An ALTER KEYSPACE statement modifies the options of a keyspace:

alter_keyspace_statement::= ALTER KEYSPACE [ IF EXISTS ] keyspace_name
	WITH options

For example:

    WITH replication = {'class': 'SimpleStrategy', 'replication_factor' : 4};

If the keyspace does not exist, the statement will return an error, unless IF EXISTS is used in which case the operation is a no-op.

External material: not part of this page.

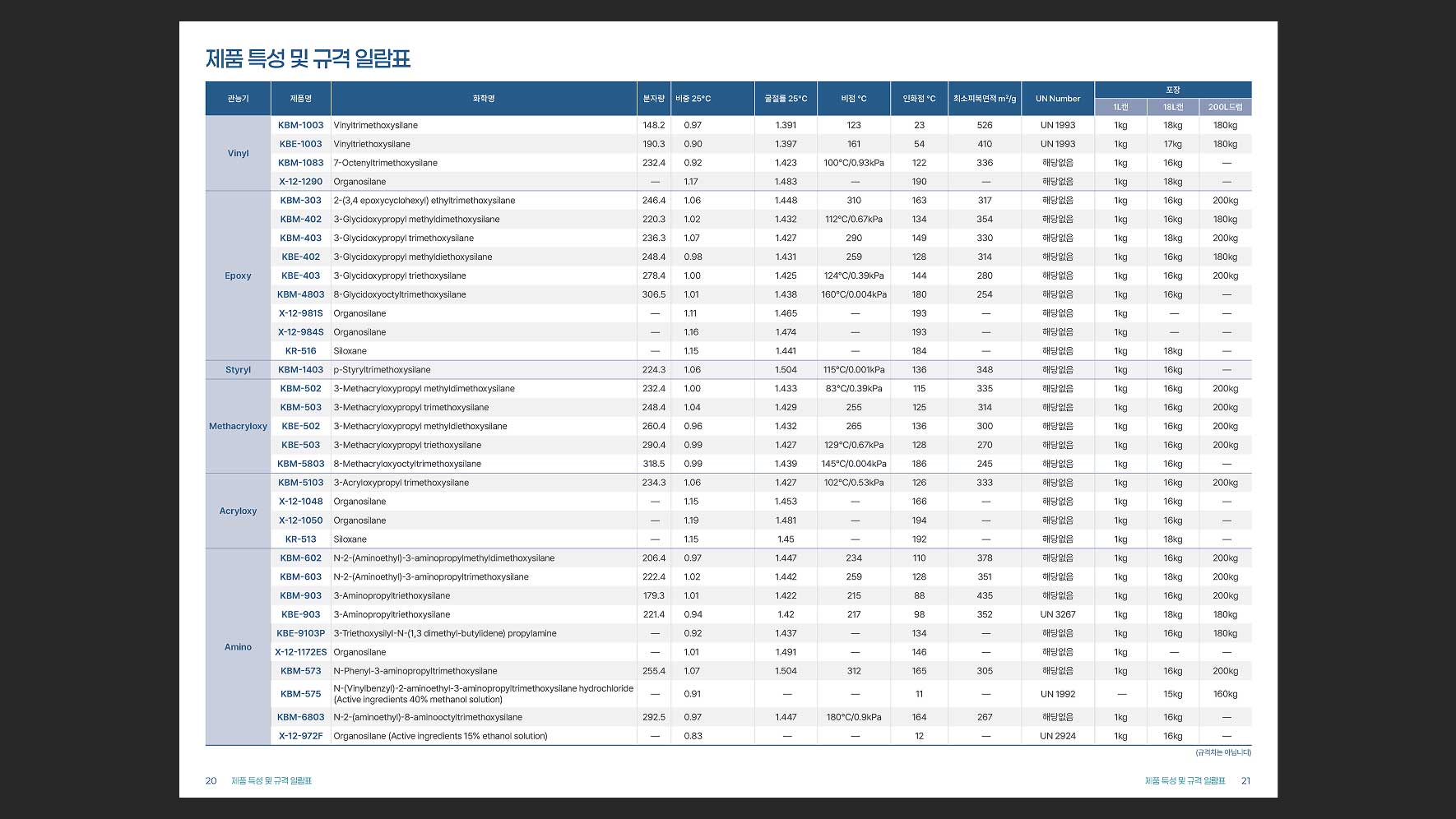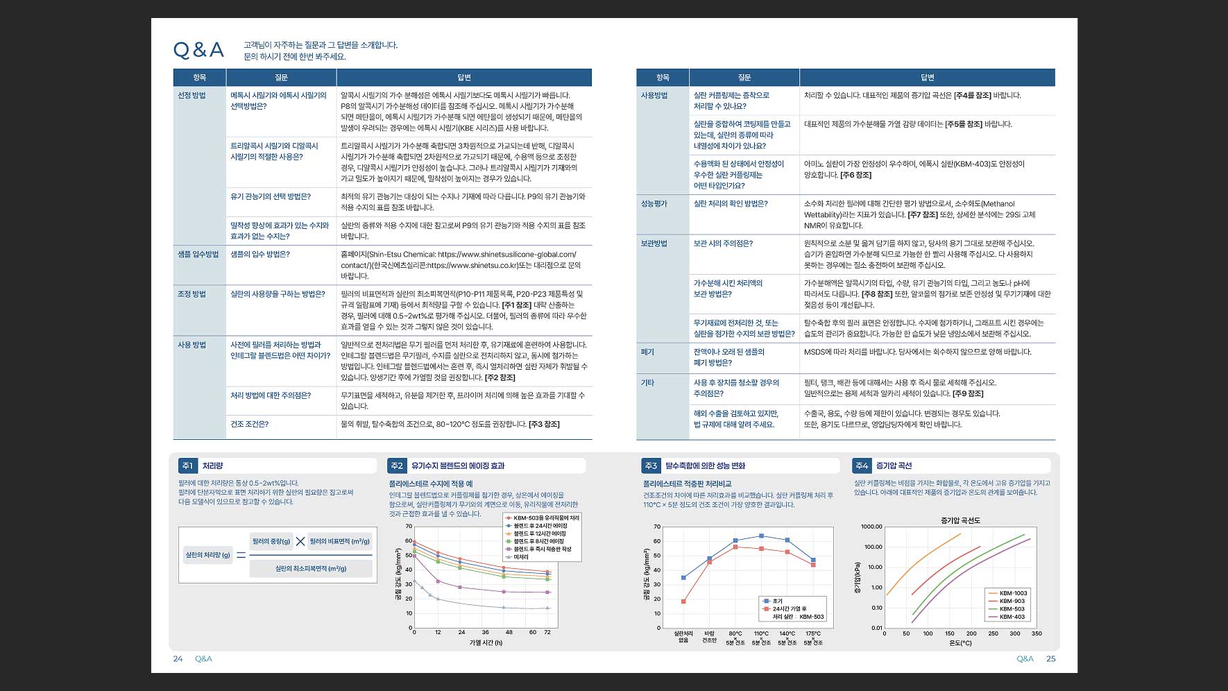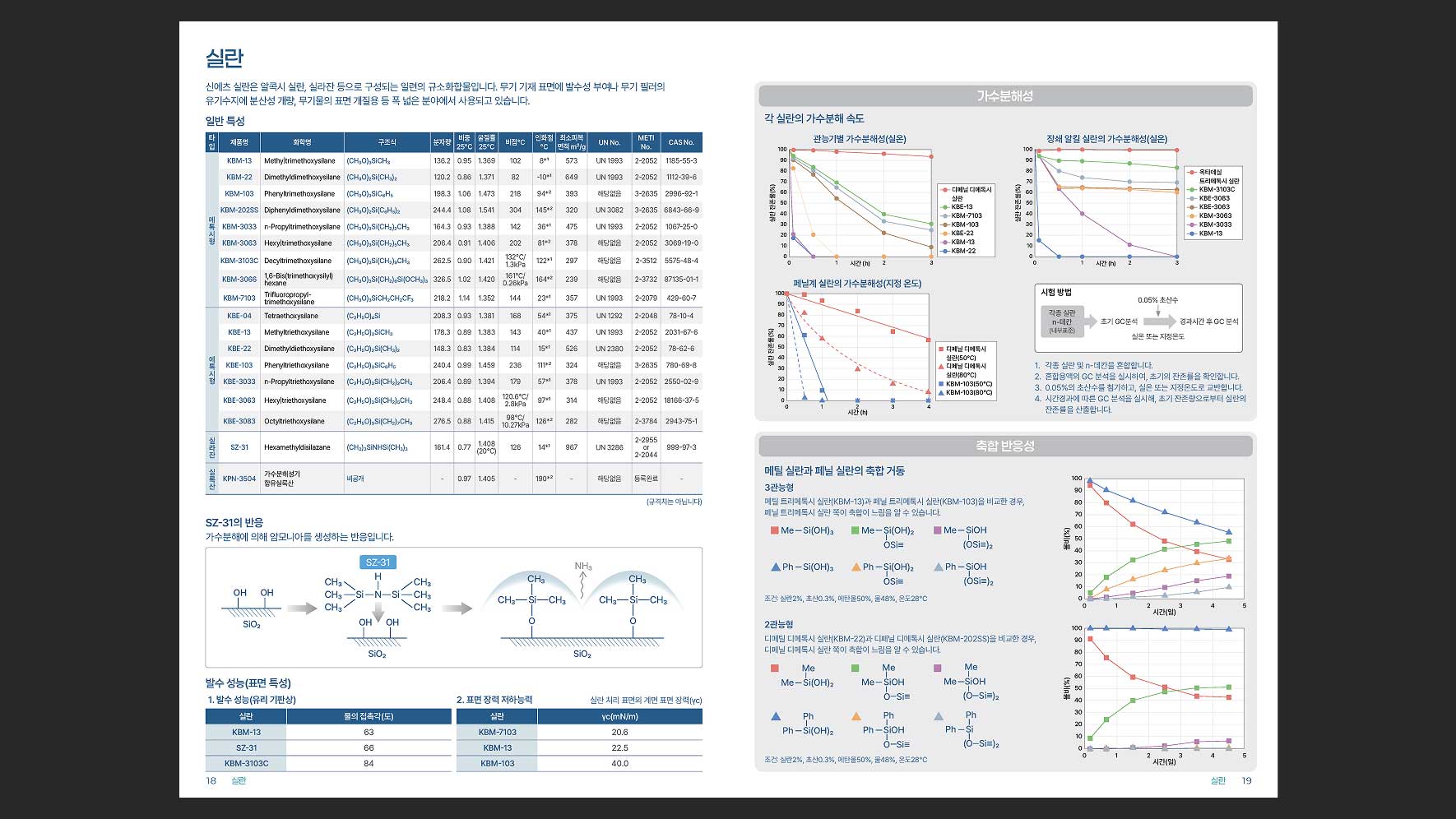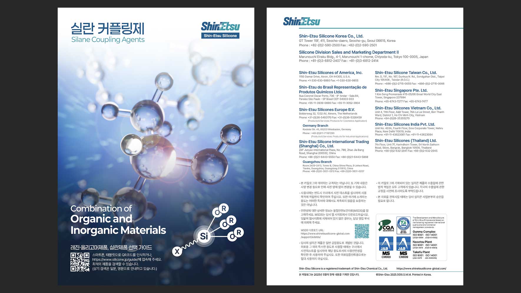 한국신에츠실리콘(주)의 제품 중 하나인 Silane Coupling Agents를 소개하는 브로셔의 디자인
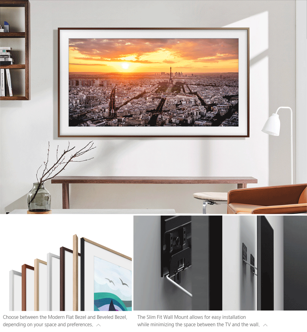 Das Zubehör, das The Frame von Samsung, das über eine Bilderrahmenverkleidung verfügt, die Weltklasse-Kunst direkt an Ihrer Wand zeigt, den letzten Schliff verleiht, ist eine anpassbare Lünette. Um in Ihrem Zuhause genau den Look zu erzielen, den Sie sich wünschen, können Sie zwischen mehreren Farboptionen wechseln. Sie können aus den Modern Flat Lünetten wählen, die in Weiß, Teak und Braun für einen sauberen und modernen Look erhältlich sind, oder Sie können sich für eine der abgeschrägten Lünetten entscheiden, die in Weiß und Ziegelrot für ein traditionelleres Design erhältlich sind. 2 Darüber hinaus minimiert die Slim Fit-Wandhalterung den Platz zwischen Ihrem Fernseher und Ihrer Wand, um sich nahtlos in jeden Raum einzufügen.

The supported options are the same as for creating a keyspace.


Dropping a keyspace is done with the DROP KEYSPACE statement:

drop_keyspace_statement::= DROP KEYSPACE [ IF EXISTS ] keyspace_name

For example:

DROP KEYSPACE excelsior;

Dropping a keyspace results in the immediate, irreversible removal of that keyspace, including all the tables, user-defined types, user-defined functions, and all the data contained in those tables.

If the keyspace does not exists, the statement will return an error, unless IF EXISTS is used in which case the operation is a no-op.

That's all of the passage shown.